The demolition crew members say it will take three to four weeks to level this church that has been around for more than a century. But people who are standing by to watch say it's about more than just seeing bricks and mortar torn down.

"I went to school that was here for eight years and I belonged to the church, and I got married in the church," said Irene McKenna.

McKenna is visiting from Florida, but grew up in the area and went to church at Holy Trinity. She says she has many memories there.

"My ancestors were here, my grandfather and my grandmother, and they were part of building the church. And my mom, she cleaned the church for over 40 years. She was the last person to lock the doors when they closed the church."

Crews took down some of the crosses and decorative statues carefully. There's no word on whether those pieces may be reused at other churches.

The Diocese of Scranton says it plans to sell the property once the church is demolished.

5 comments

  • Stanley Sova

    Was born and raised in this area some 60 + years ago, Holy Trinity Church has been a landmark in Wilkes Barre for as long as I can remember, then we get some young whipper snapper that says “Every time a steeple falls the world gets one step closer to normalcy”, well when all these churches were being used and Wilkes Barre had 110,000 people in it, we had 5 police officers and 2 reserves, now that all the churches are going away, we have 100+ police officers, close to 22 murders a year, and people who accept crime like it is normal. Just keep ignoring God, it is showing by the type of people we now have in Wilkes Barre, and the population 42,000 decreasing. This town needs churches very badly.

  • gerbilhunter

    If you don’t pay the rate of homage the Diocese demands, they close down and destroy your house of worship. Then they blame finances, this coming from the richest religion in the world. At least they were until they started paying child sex abuse lawsuits.

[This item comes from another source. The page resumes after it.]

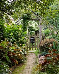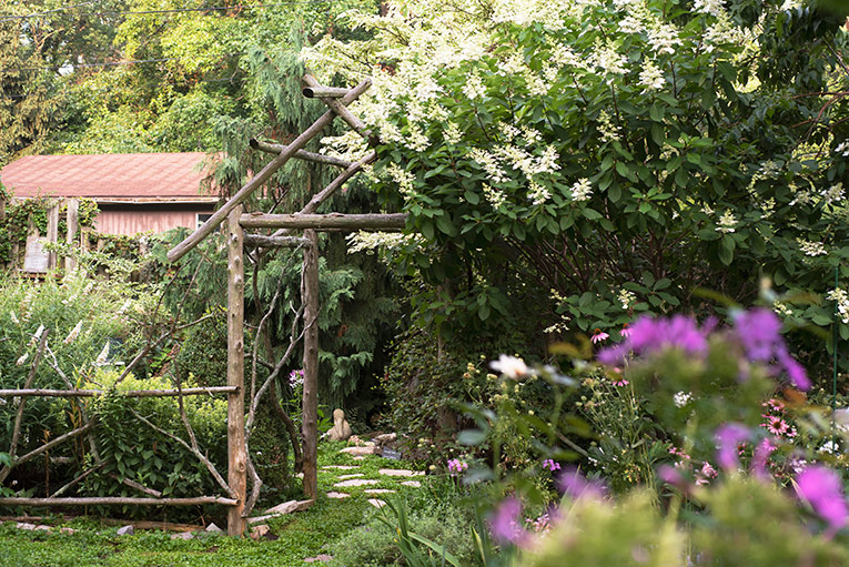 In the back, a flowing rustic fence and arbor created by Jo and a friend from tree trunks and branches divides the space into sunny and shady areas. On one side of the arbor, the conical white blossoms of a tree-like Tardiva hydrangea arch over the arbor and seem to point toward the graceful, triangular wands of the white butterfly bush, mimicking a similar shape on the other.

    • My Dog Is Smarter Than You

      I can’t disagree with you. However, there is hypocrisy on both sides. Many of these churches are mostly empty week after week, month after month, year after year. Then the “parishioners” come out of the hand-carved woodwork and cry foul when the Diocese announces the closing. My parish is standing room only every week and we’ll never be closed. If you don’t want your church closed then show up more than Christmas and Easter. You might actually get something out of it. My family and my parish community does.

      • Bea

        Totally agree. Few people go to Church these days, but want to look at the Church as they drive by. Churches are made to attend. They are not decorations under a Christmas tree. Don’t go and they go bye-bye.